The Scottish Falsetto Sock Puppet Theatre is a comedy act that began in the United Kingdom in 2005 and has performed nationally and internationally since. They first appeared as part of The Sitcom Trials in London. They appeared in the Gilded Balloon at Edinburgh Festival Fringe in 2007, 2008, 2009, 2010, 2012, 2013, 2014, 2015, 2016, 2018, 2019 and 2022 attracting highly positive reviews.

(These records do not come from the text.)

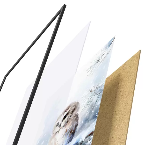 Plakat koosneb raamist, pleksiklaasist, trükitud pildist ja puitlaastplaadist alusplaadist. Tänu tagaküljel olevatele kinnitustele saab plakati kohe seinale riputada.
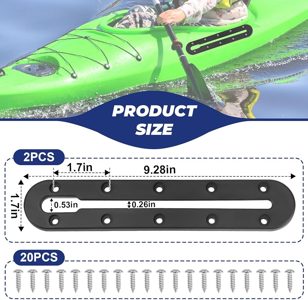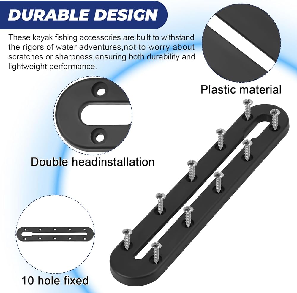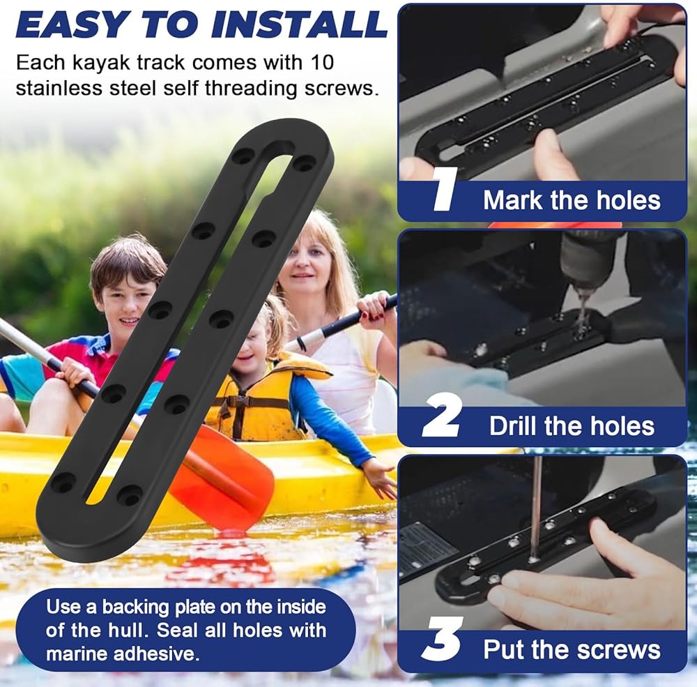 【سهل التركيب】يأتي كل مسار كاياك مع 10 براغي ذاتية الخيط من الفولاذ المقاوم للصدأ؛ اختر سطح التثبيت وتحقق من سهولة الوصول إلى الجانب السفلي، ثم قم بربط القاعدة بالكاياك، لمزيد من القوة، باستخدام لوحة داعمة من الداخل. من الهيكل وإغلاق جميع الثقوب بمادة لاصقة بحرية. مناسب لمسار سكوتي، قم بتركيبه في أي مكان على قوارب الكاياك الخاصة بك في وضع مختلف وفقًا لاحتياجاتك. سواء كانت قوارب الكاياك الخاصة بك مجهزة بمسارات مدمجة أم لا.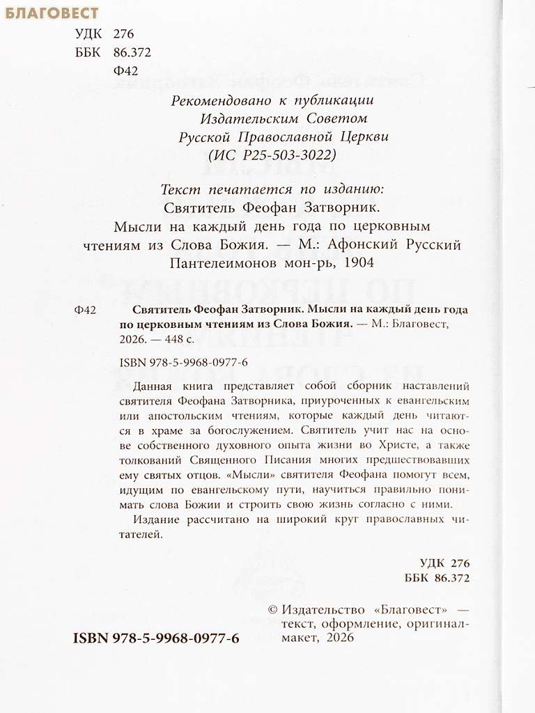 Данная книга представляет собой сборник наставлений святителя Феофана Затворника, приуроченных к евангельским или апостольским чтениям, которые каждый день читаются в храме за богослужением. Святитель учит нас на основе собственного духовного опыта жизни во Христе, а также толкований Священного Писания многих предшествовавших ему святых отцов. «Мысли» святителя Феофана помогут всем, идущим по евангельскому пути, научиться правильно понимать слова Божии и строить свою жизнь согласно с ними.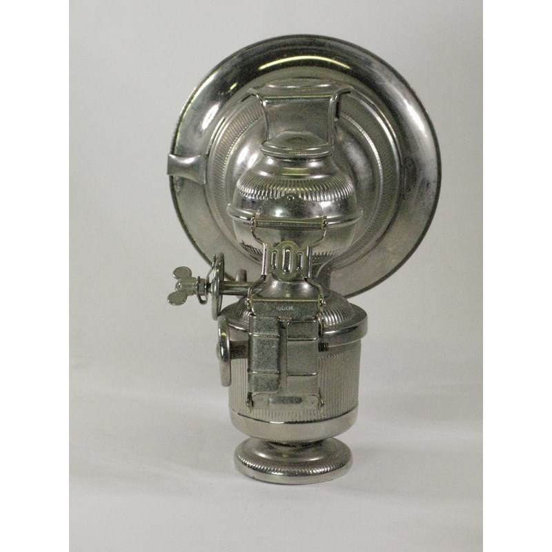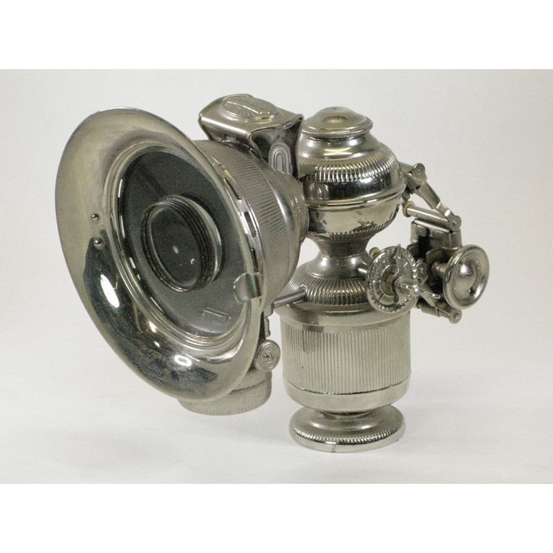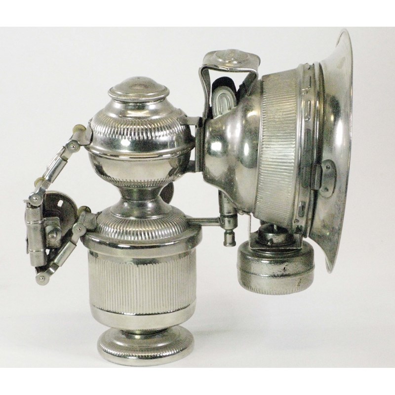 A combination lamp identified by its decorative embossed ribbing, this acetylene gas lamp possesses a small auxiliary oil reservoir, central condenser lens and all fittings. In excellent nickel-plated condition. See ECL129 for a similar lamp. 6-inches high. (1)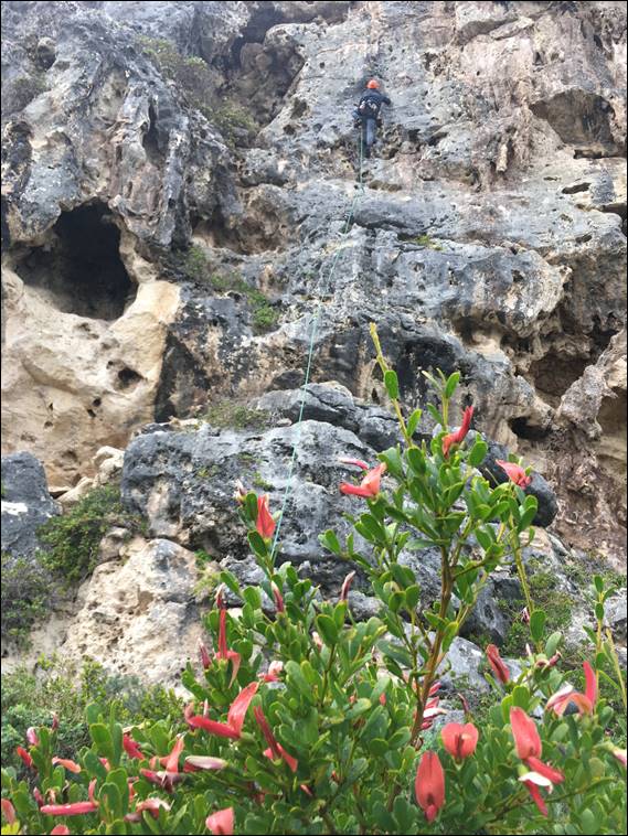 With more time up our sleeves we decided to ease the pace and climb the two easiest routes at Bobs Hollow. Unlike the rest of the steep climbs these are proper slabs. My memory of them being that they were very sharp. But after some of the routes I did on my last trip these didn’t feel that bad, or maybe they had seen a lot of ascents and the sharpness had been worn out of them. Regardless of that Craig enjoyed leading up Export Bogans, which we both agreed is pleasant but somewhat over graded. As he climbed I was being distracted by the water beading on the bright red Templetonia retusa flowers, or coral bush as it is more commonly called: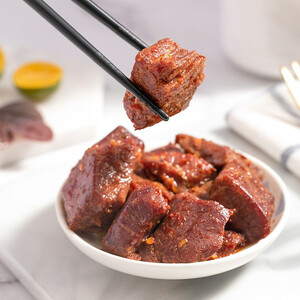 采用牛臀肉制作而成,搭配朝天椒和现炒芝麻粒,造就鲜香辣爽的美妙口感。打开包装散发浓郁肉香,令人垂涎不已。 上榜理由: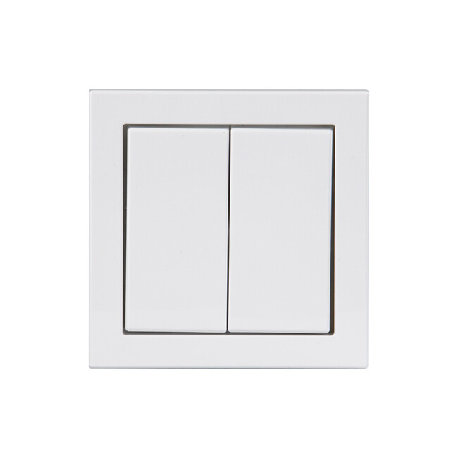 Двухклавишный выключатель для скрытого монтажа, IP44. Двухклавишный переключатель в сборе. В комплект входит механизм переключателя, клавиша, рамка, фиксирующая рамка и уплотнение. Безвинтовые клеммы рассчитаны максимум на 2 одножильных провода.

The act has toured nationally and internationally every year since 2008 including Australia, Holland, Denmark and the Channel Isles. Prestigious appearances have included the Cheltenham Literary Festival and the Edinburgh International Magic Festival. Many of the Scottish Falsetto Sock Puppet Theatre's routines use a dynamic inspired by manzai, with Right Hand Sock as the tsukkomi and Left Hand Sock (the one with the dopey tongue) as the boke.

They have appeared on BBC TV's The One Show, Comedy Shuffle, The Culture Show, Points West, GMTV, MTV, Current TV and Channel 4's Big Brother's Little Brother.

They were winners of the Bath Comedy Festival Best Joke Award 2018. Their show was nominated Best Show at the Leicester Comedy Festival Awards in 2009, and was the Winner of the Edinburgh Festival Insider Comedy Award 2009.

They have appeared in DVD extras on the DVD releases of three classic Doctor Who serials: The War Games in 2009, The Horns of Nimon and The Dominators in 2010.

Their show is written and performed by comedian and comic book creator Kev F. Sutherland, author of Bash Street Kids Adventures and creator of The Sitcom Trials.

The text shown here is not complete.